Faz um longo tempo desde que estive aqui.

Já escrevi nesse blog em madrugadas onde você dormia ainda bebê num berço montável, num quarto no terceiro andar do restaurante de uma cidade de seis mil habitantes. E depois escrevi de uma casa tão cheia de umidade quanto de infelicidade. Passamos também por um lugar enorme, cheio de sonhos, no meio da natureza, onde por um segundo acreditei que se o lugar fosse perfeito, tudo também seria. Mas não, meu castelo de fantasias desmorou com a mesma rapidez da percepção que não fazíamos a mínima ideia do que fazer.

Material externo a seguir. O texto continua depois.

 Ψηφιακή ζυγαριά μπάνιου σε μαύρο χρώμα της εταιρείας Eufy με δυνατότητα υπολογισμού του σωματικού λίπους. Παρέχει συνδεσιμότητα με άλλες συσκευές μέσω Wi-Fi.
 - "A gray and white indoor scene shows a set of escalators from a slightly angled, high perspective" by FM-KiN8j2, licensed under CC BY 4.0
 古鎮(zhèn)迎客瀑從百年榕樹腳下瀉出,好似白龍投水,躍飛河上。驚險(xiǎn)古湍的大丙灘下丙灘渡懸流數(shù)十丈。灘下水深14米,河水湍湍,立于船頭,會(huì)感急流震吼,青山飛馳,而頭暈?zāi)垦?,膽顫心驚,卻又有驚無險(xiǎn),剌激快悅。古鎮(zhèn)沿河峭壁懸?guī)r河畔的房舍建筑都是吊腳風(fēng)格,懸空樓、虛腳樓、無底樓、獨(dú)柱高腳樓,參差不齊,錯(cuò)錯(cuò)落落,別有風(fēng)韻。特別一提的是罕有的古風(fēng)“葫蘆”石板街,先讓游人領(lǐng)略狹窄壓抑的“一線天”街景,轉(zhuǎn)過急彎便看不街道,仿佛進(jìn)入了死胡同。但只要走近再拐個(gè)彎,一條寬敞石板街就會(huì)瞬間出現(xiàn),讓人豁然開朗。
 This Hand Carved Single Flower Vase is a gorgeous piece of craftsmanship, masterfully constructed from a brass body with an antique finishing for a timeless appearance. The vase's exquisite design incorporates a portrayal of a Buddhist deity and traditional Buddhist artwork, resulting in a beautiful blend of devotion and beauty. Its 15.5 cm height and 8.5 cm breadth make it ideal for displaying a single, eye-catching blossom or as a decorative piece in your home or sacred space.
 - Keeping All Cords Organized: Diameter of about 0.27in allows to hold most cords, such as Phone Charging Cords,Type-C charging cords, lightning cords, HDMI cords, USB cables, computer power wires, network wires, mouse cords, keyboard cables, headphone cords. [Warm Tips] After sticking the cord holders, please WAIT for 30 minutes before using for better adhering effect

Voltamos para minha terra natal, e escrevi de uma casa num bairro afastado. Te contei sobre o fim. Te contei sobre a mudança.

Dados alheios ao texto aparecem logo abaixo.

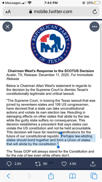 Yes, I believe so....Is this true? When I do a google search I won't get all results?We are living in two different cyber media worlds... we all on the left and some saneon the right, all believed this case would be denied, because Texas had no standing.... All legal and constitutional scholars were saying such as well....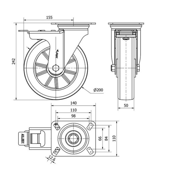 Rueda poliuretano giratoria con freno Alex diametro 200 mm. modelo 2-3694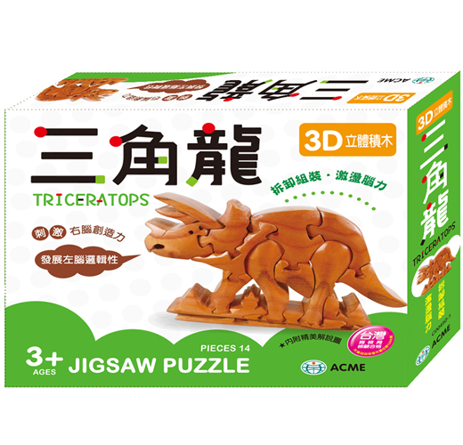 本產品以14塊積木塊拼組成一隻三角龍,造型生動、可愛,不但可以激盪腦力、訓練手眼協調和邏輯概念,還能當作擺飾,是一項值得收藏的益智玩具。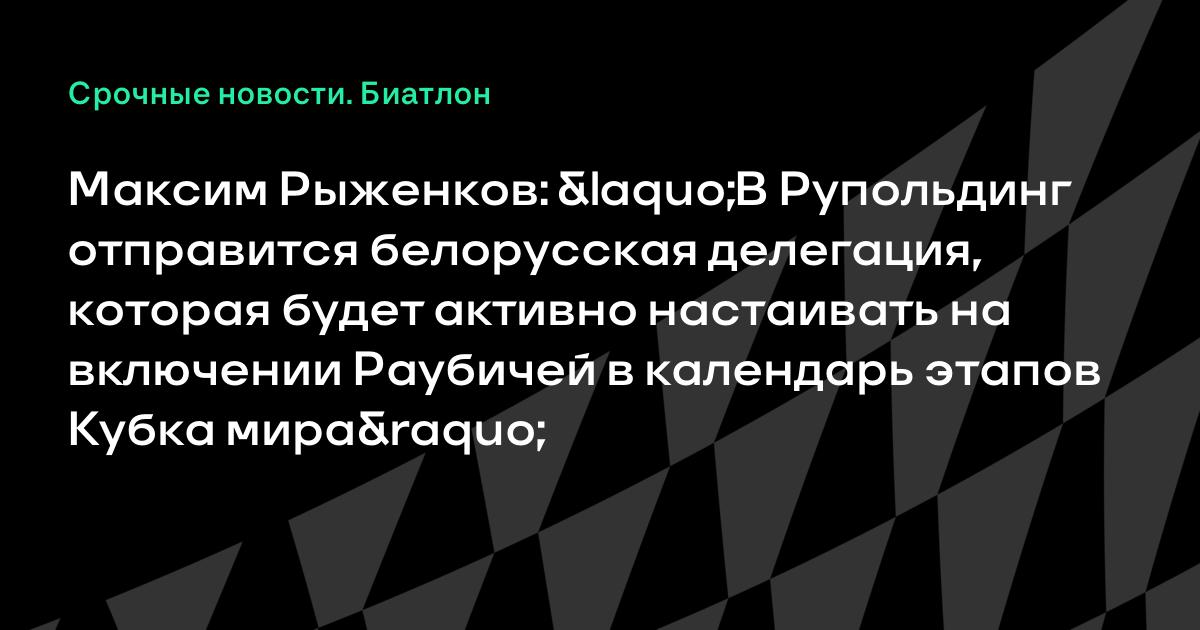 Белорусская сторона также готова предоставить свою биатлонную базу в качестве резервной, если возникнет ситуация как в Оберхофе, Раубичи могут оперативно откликнуться и подставить плечо Международному союзу биатлонистов при проведении этапов Кубков мира. Да и сегодня мы могли бы запросто это сделать, если бы Международный союз биатлонистов готов был перенести этап из Оберхофа к нам. Провели бы соревнования на самом высоком уровне», – рассказал Рыженков.

Chegamos em São Paulo com a esperança de encontrar algo que não sabia o que, mas encontramos a dura realidade: eu não estava preparada. Agora, com tantos meses, dias e horas passados colhendo os frutos dos meus erros, é necessário voltar para te falar sobre onde escrevo agora: estou numa sala, com dois gatos que não são meus, com o barulho de uma fonte de água e o vento levando a chuva para longe. Você mora com seu pai.

Todo dia eu acordo, olho para o lado, respiro fundo, você não está aqui. Agora você mora com seu pai. Você mora num lugar onde não precisa ficar tantas horas na escola. Nem tantas horas me vendo trabalhar para conseguir pagar tudo. Você está num lugar onde não vê.

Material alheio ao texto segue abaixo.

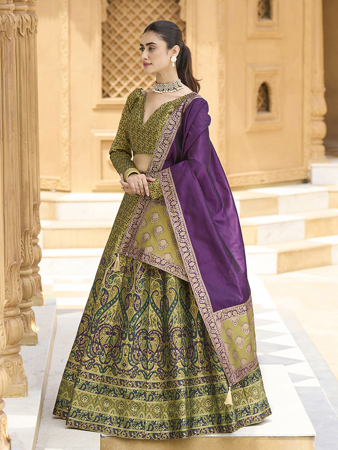 Jacquard Festive Lehenga in Purple and Violet with Weaving work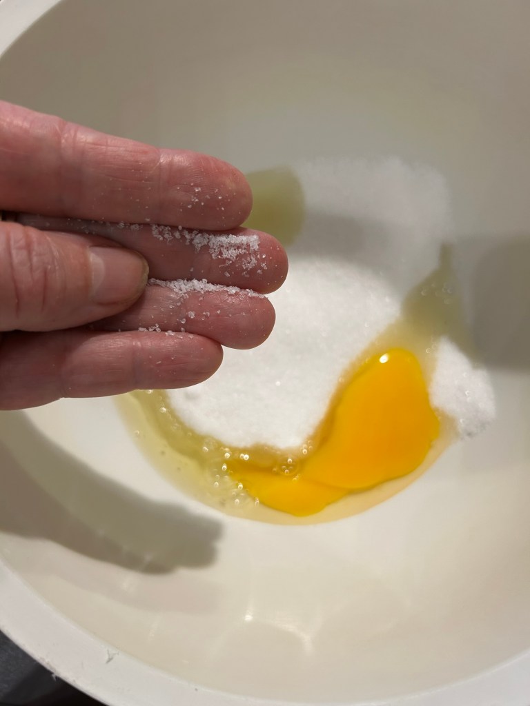 In una ciotola metto uova, zucchero e un pizzico di sale
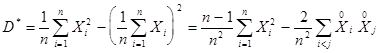 Перейдем к оценке для дисперсии D . На первый взгляд наиболее естественной представляется статистическая дисперсия D * , то есть среднее арифметическое квадратов отклонений значений Xi от среднего :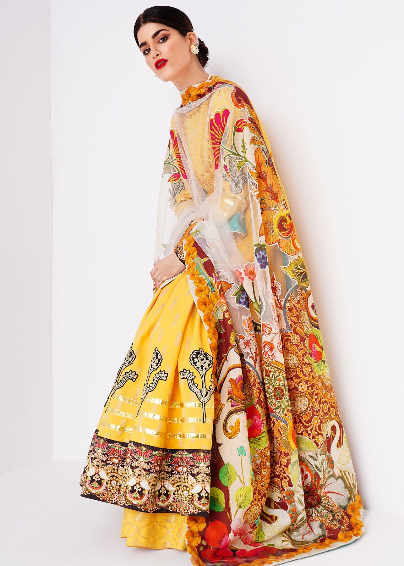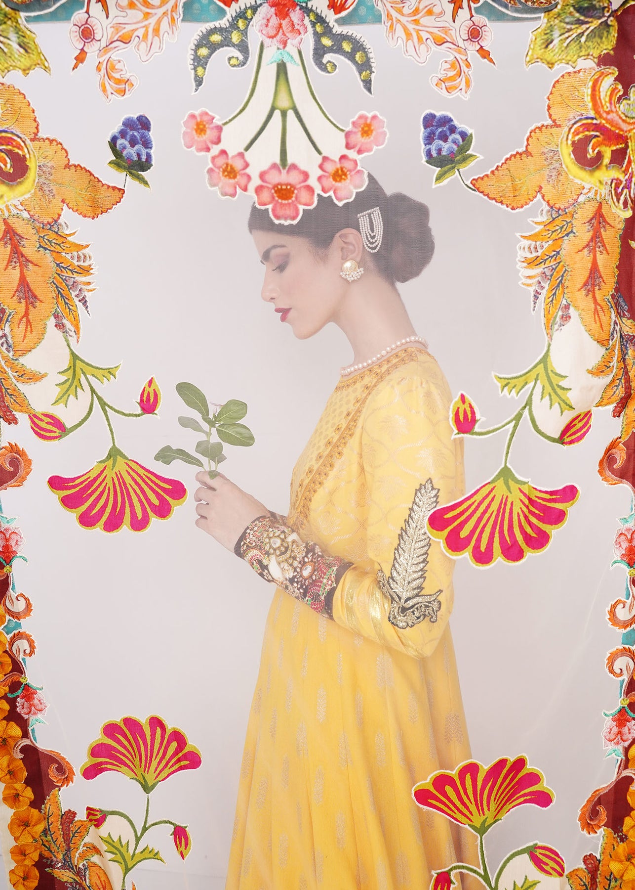 A lPure jacquard mustard hued piece with thread work finishes, tilla motifs and digitally printed silk border with complimenting traditional flower motifs on net dupatta.

Você continua protegida do jeito que juramos um dia manter. Não importa com quem, você sempre estaria bem.

E aceitar que você está bem agora com ele tem me feito vagar por essa casa, sozinha. Me faz entender e questionar ainda mais o peso que levo aqui no peito. Mais que o peso da saudade, a angústia de não te colocar para dormir todos os dias, de sentir que você está crescendo e eu estou companhando por vídeos, é entender que eu sou a mãe.

Ser a mãe me coloca numa posição onde a responsabilidade por você sempre será unicamente minha para o mundo. Se um dia você escolher algo que dizem ser errado, a culpa será minha. Você irá me culpar um dia por escolhas que fiz tentando meu melhor. Essa culpa que me é tão dura tirar do peito para finalmente conseguir dormir nunca irá sumir. Não é minha decisão ela estar aqui, a sociedade decidiu por nós.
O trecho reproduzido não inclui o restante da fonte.